Em termos de crescimento econômico o Brasil está em seu pior momento dos últimos 120 anos. No período mais recente, o país foi acometido por três graves crises econômicas conforme é possível ver no Gráfico 1. A primeira crise importada do colapso financeiro americano após o subprime teve início no 3° tri de 2008, vale no 1° tri de 2009 de forma que no 1° tri de 2010 a economia brasileira já havia superado o período crítico e apresentava um crescimento de 9,2% naquele trimestre. Isto é o que os economistas chamam de recuperação é V.

A segunda crise não teve influência externa, erodiu no país no 1° trimestre de 2014, apresentou um longo período consecutivo de quedas até seu vale no 4° tri de 2015 de forma que a economia nunca mais voltou a apresentar taxas de crescimento semelhantes ao pré-crise, tendo o seu melhor momento a partir do 4° trimestre de 2017 quando o produto crescia a uma modesta taxa de 2,1% ao ano frente aos 3,4% verificados no trimestre imediatamente anterior desta crise. Finalmente, o terceiro ciclo recessivo da economia brasileira neste período é o do Coronavírus que teve início, segundo o Gráfico 1 no 4° trimestre de 2019, atingindo o seu vale no 2° tri de 2020 e, rodando a uma taxa de -1,9% no 4° tri de 2020, último período da amostra para o qual ainda se tem dados.

Em outras palavras, a análise dos ciclos econômicos mostra que a economia brasileira ainda não havia se recuperado da última crise, que havia sido demasiadamente longa e profunda, quando foi acometido pela nova crise. Isto traz impactos profundos sobre inúmeras variáveis como emprego, bem-estar social, desenvolvimento humano, desigualdades sociais, entre outros fatores. Para agravar a situação, as políticas tradicionais de controle de demanda de curto prazo estão praticamente esterilizadas. A política monetária pelo vetor da taxa de juros que atingiu o seu mínimo histórico no período recente, já a política fiscal segue sofrendo do crescimento compulsório do gasto e da dívida pública que inviabiliza qualquer intenção de construir uma nova política de investimentos.

Mas o elemento mais grave, está contemplado na linha vermelha do Gráfico 1, em que apliquei um Filtro de Hodrick Prescott para separar nos dados do PIB, o que é a sua variação trimestral e o que é a sua tendência de longo prazo. E o que se vê é uma redução da capacidade de crescer a longo prazo da economia brasileira que apresentava uma média de 4% no final da década de 2000 despencando para próximo de 0% no final da década de 2010. Isto significa que, na ausência de choques novos e positivos, o Brasil está condenado a uma trajetória medíocre de crescimento nesta década que se inicia em 2021.

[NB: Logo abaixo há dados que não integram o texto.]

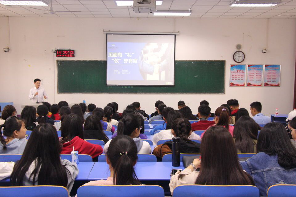 4月2日下午,365英国上市公司在3306教室举办了“见面有‘礼’,‘仪’亦有度”为主题的礼仪培训活动。此次培训由孙学荣书记主持、蕴海锦园大酒店赵晓鹏经理主讲,365英国上市公司17级、18级同学参加培训。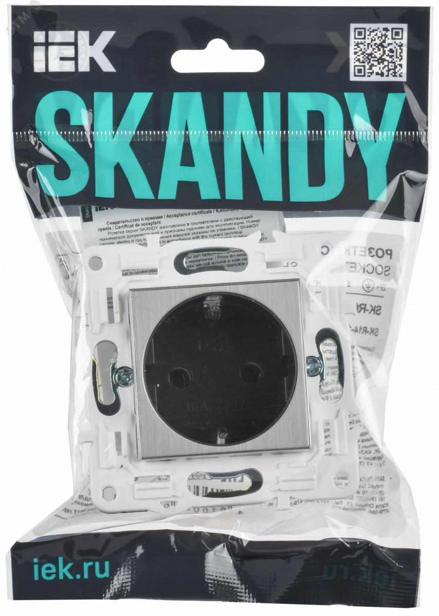 SKANDY Розетка с заземлением с защитными шторками 16А SK-R04N никель IEK

PIB Brasil (Variação % Trimestral frente a igual período do ano anterior) e Tendência de Longo Prazo

Reverter uma tendência de longo prazo requer um esforço em termos de coordenação, planejamento e liderança. É preciso salientar que isto vai muito além da mera agenda de equilíbrio das contas públicas. No Longo prazo, a economia se comporta de acordo com sua capacidade de acumular, de forma agregada, capital físico e humano. A acumulação de capital físico depende de segurança jurídica, marco regulatório adequado, manutenção das taxas de juros em níveis civilizados e de bons projetos. A acumulação de capital humano depende de um esforço, em todos os níveis de governo e também da iniciativa privada de aumentarem a escolaridade média dos brasileiros e também sua qualidade. Isto, no entanto, não produz efeitos de curto prazo, quando a tendência de baixo crescimento da economia brasileira está condenada à mediocridade. Porém, se um esforço neste sentido tiver início já, é possível terminar a década que acaba de começar em condições muito melhores.

*Benito Salomão é doutorando em Economia pela Universidade Federal de Uberlândia.